From the Archives of 2005 :


 

The Coastline Pilot/LA TIMES

June 10, 2005

 

Chasing the Muse

Catharine Cooper 

 

The scream of sirens jolts me from my meditation, followed by the roar of acceleration as police cars race past the house, their undercarriages smashing the top of speed bumps. Down the hill, I hear more sirens - fire trucks and ambulances, until I am sure that every city emergency vehicle has converged in one location.

 

I can see nothing from the window.  No smoke. No flames. I pick up the phone to call mom.  We always check on each other during emergencies, but she doesn’t answer.  It’s too early for golf.  Maybe she’s in the shower.

 

Out the window, I see a brigade of helicopters as they sweep in from Los Angeles.  Knowing they will expose what I cannot see, I turn on the television. I hear the words before the picture. Landslide. Homes. Injured.

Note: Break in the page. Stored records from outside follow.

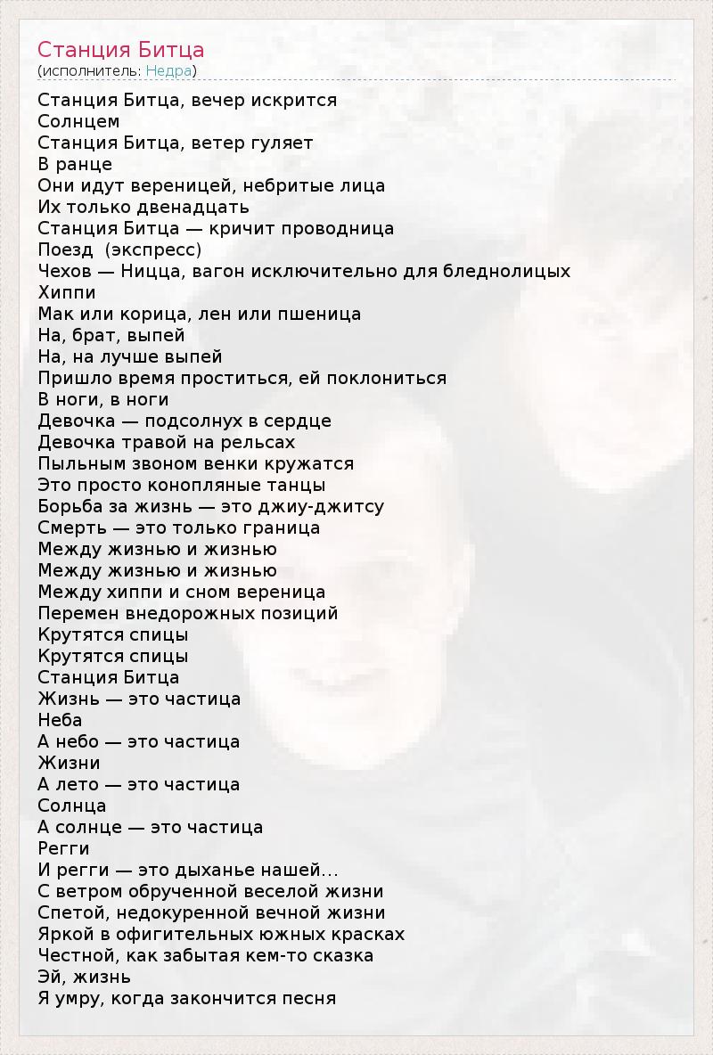 А как ты думаешь, о чем песня "Станция Битца" ?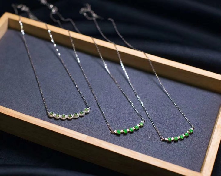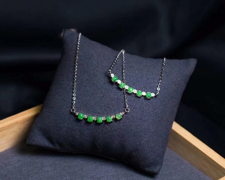 阳绿冰绿天然A货翡翠蛋面,925纯银锆石微镶,经典微笑款锁骨链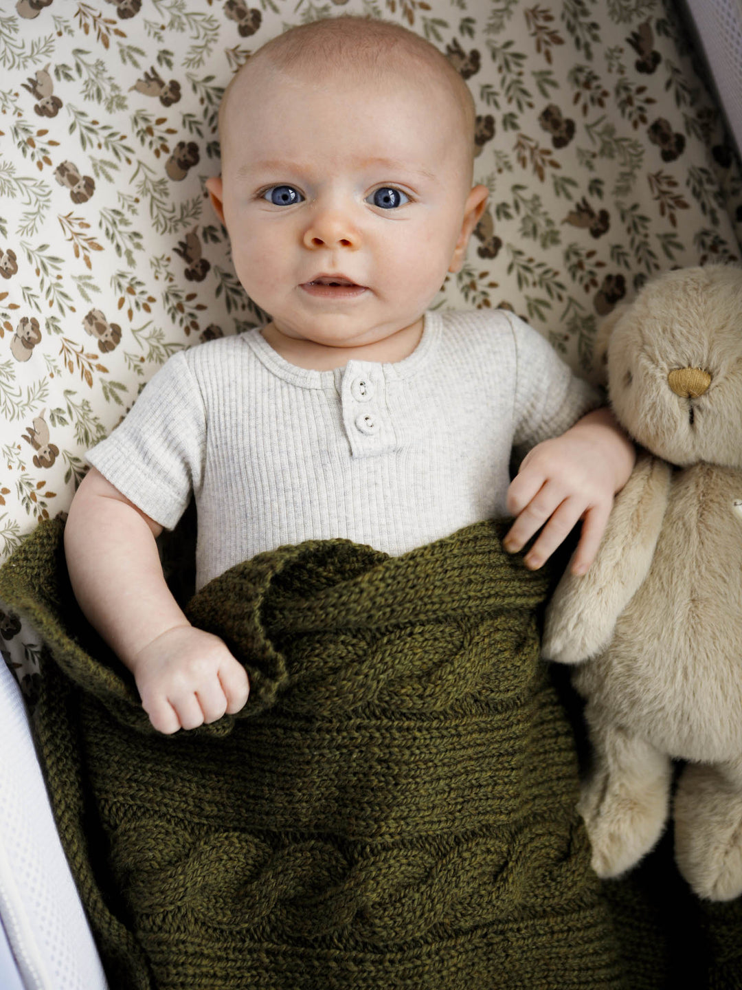 By popular demand, we’ve reintroduced our Mini Cable Blanket design in beautiful 100% Highland Woolstok. (originally in organic cotton).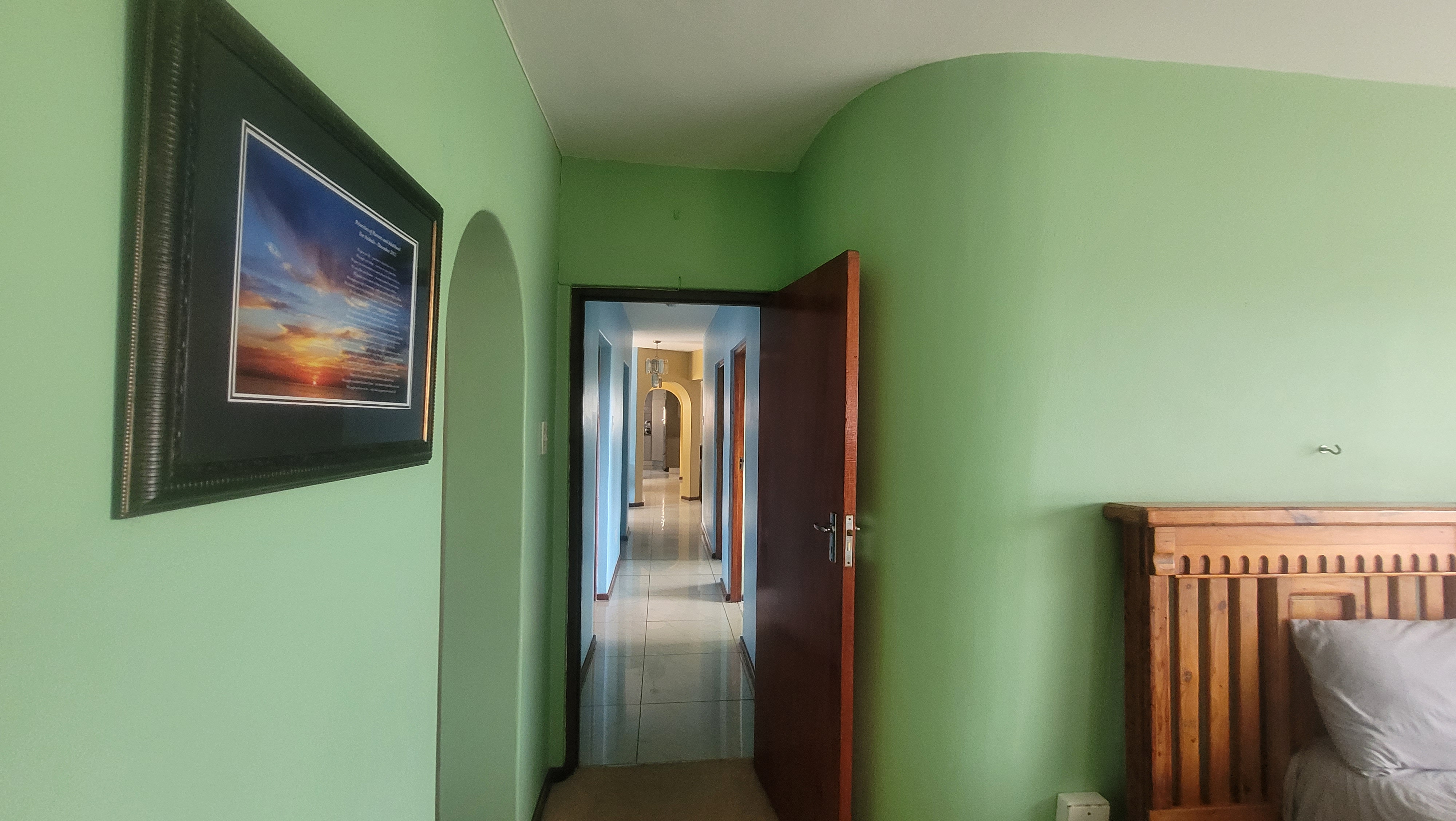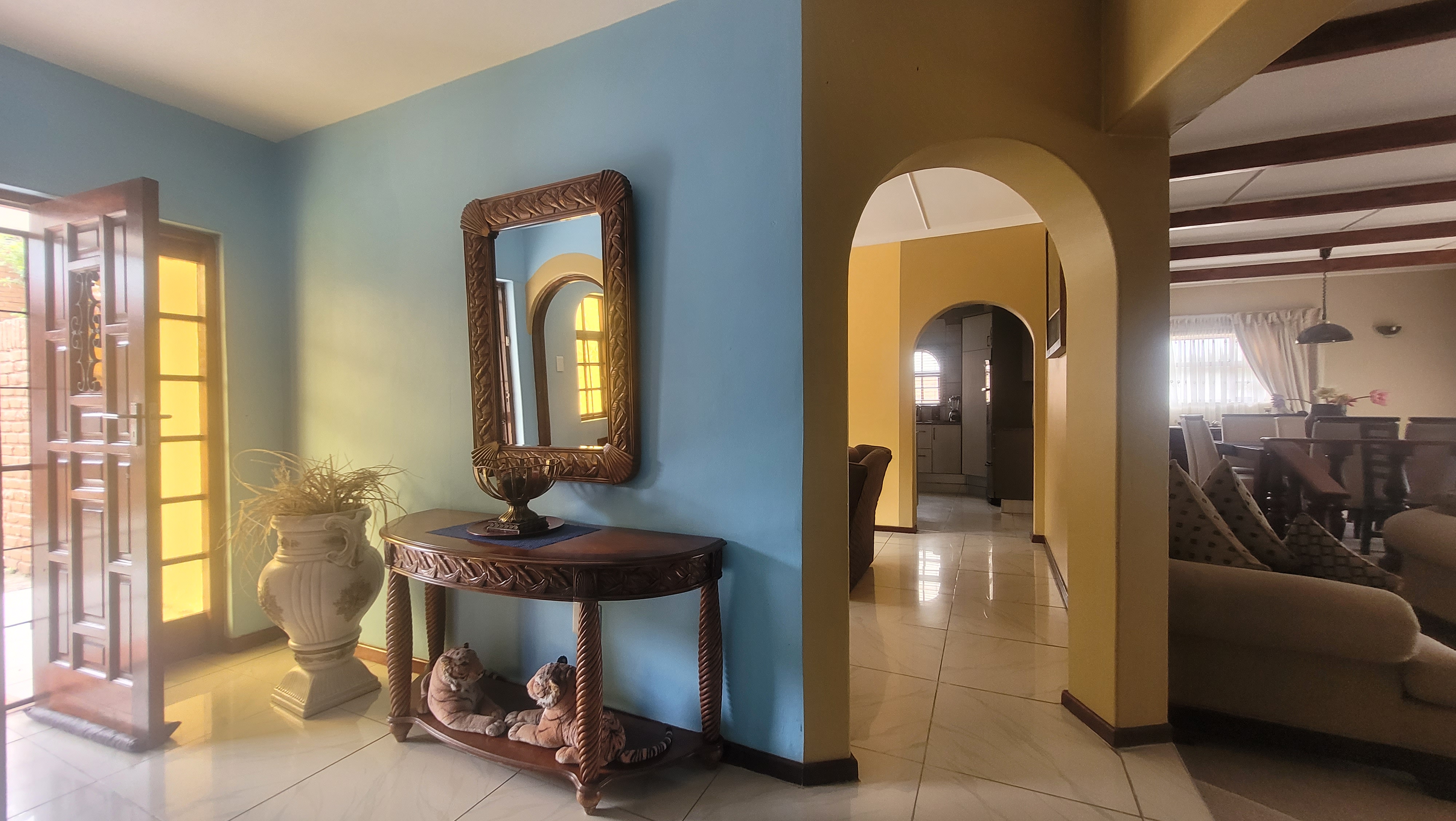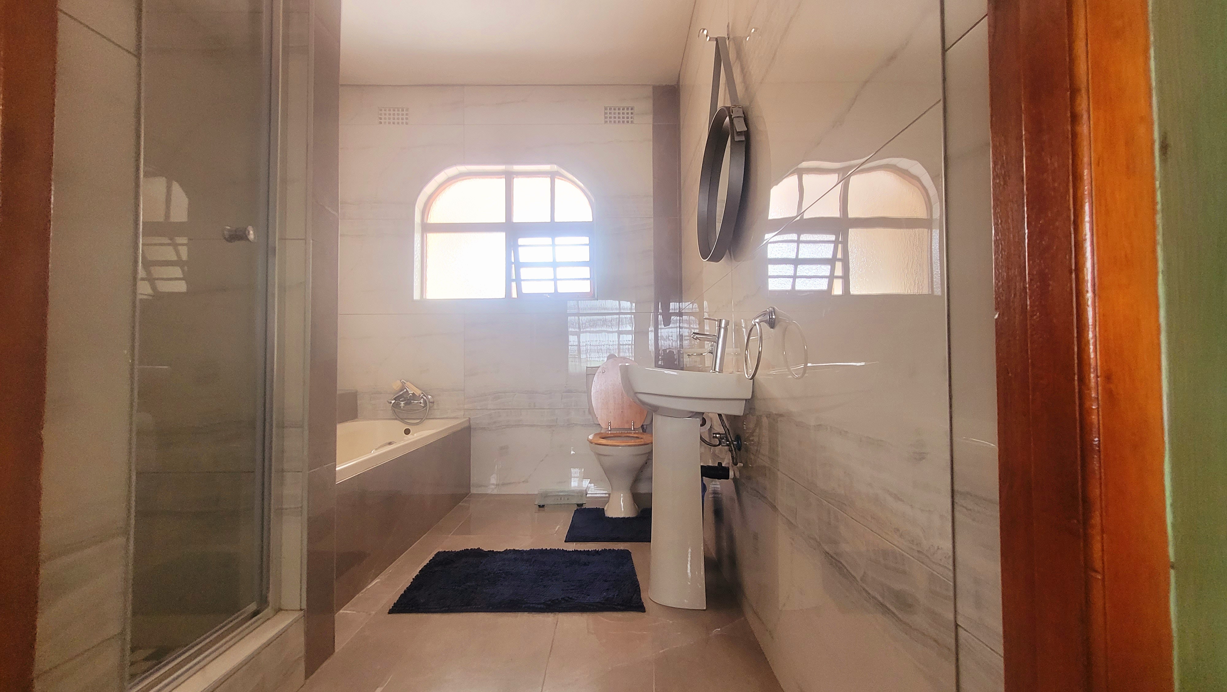 To the right down the passage, find 4 bedrooms, one of which is ensuite and boasts a walk-in closet. There is a family bathroom and a separate guest toilet for the other bedrooms. All other bedrooms are fitted with built-in wardrobes.

The first image on the screen is my mom and dad’s house surrounded by a mountain of displaced earth.  Wait.  My mom and dad’s house!  The mind processes the picture as the feet run for car keys and the door.

 

Streets are barricaded. Traffic is snarled, confused.  I park my car a short distance from the barricades and begin to run, down Bluebird, past the park and up the hill. Police and fireman raise their hands, but I keep running. I keep running until I see them, hand in hand, dusted with dirt, slowly making their way to safety.  We clutch one another, sobbing.

 

A normal morning, my dad had gone to get the paper at the top of their easement from Madison.  They had just sat down to a breakfast of cereal and bananas when mom began to hear strange noises.  At first, she thought it might be a deer, oddly scratching on the front porch.  Then she thought that somehow some animal had been trapped inside the broom closet.  Dad got up and slowly opened the front door.  He looked at her, told her to get up - that they had to get out of the house. 

 

They stepped across the threshold and watched the house slip several feet from the porch.  They stepped off the porch onto the concrete steps that led toward the driveway, and watched the porch slip away from the steps. They screamed at their neighbor to get out - that the houses were moving.  Around them, garages cascaded down from the hillside, windows exploded in showers of glass.  The driveway in front of them buckled, folded and vanished in fissures that appeared in the earth.

 

They stood alone on what remained of their concrete stairway, a tiny dark grey island surrounded by devastation.  Above them, the sheer face of a newly formed cliff, the top of which had formerly been their driveway.  Beside and below them, more broken earth, strewn concrete culverts, and their house, broken into two pieces.  The crackling of electrical wires mingled with the groan and tear of structures ripping apart. 

 

For 45 minutes the stood, waiting to be found.  Officer Bob Van Order and Battalion Chief Jeff LaTendresse finally heard their cries of ‘help’ and ‘over here’.  Together, the two men carried or assisted my parents over and through the rubble and mountainous piles of heaved earth to the relative safety Oriole Drive. 

 

Behind them, my parents’ home of 1044 Flamingo Road rested uncomfortable about 100 feet lower than when dad went to get the morning paper, and 80 feet to the south.  Surprisingly, they had ridden the entire slide while spooning cereal and contemplating the day’s chores.  Smack dab in the middle of the two sheer walls, the earth beneath their house slid gently on a slippery bed of moist clay.  The olive tree outside the kitchen window traveled with them, a constant in their view.  The crystal in the cabinets never budged.

 

My parents are physically unscathed, and emotionally holding together, which is all that really matters.  The process of recreating a life is not easy for anyone, and certainly unplanned by them at 78 and 86.  Disaster wears a different face when you are the one in its grasp. 

 

Mom spoke of filling the bird feeders and watering the rose on the porch, the one that carries the ashes of her father and his wife.  When you live in one house for 39 years, there is a sense of roots, a knowing of place and neighbors.  The olive tree, the avocado, the tomatoes and the flowers in earth you have worked with your hands for those long years.  A particular morning view with one’s coffee that satisfies the senses.

 

While (gratefully) the helicopters have grown infrequent. the swell of support for all those affected has been momentous.  Laguna’s community and infrastructure – the police, fire, building department and staff have provided tremendous support, compassion and understanding.  Words are inadequate to express the gratitude I feel toward all who have offered help and assistance.  Simply know, my heart thanks you a thousand times each day.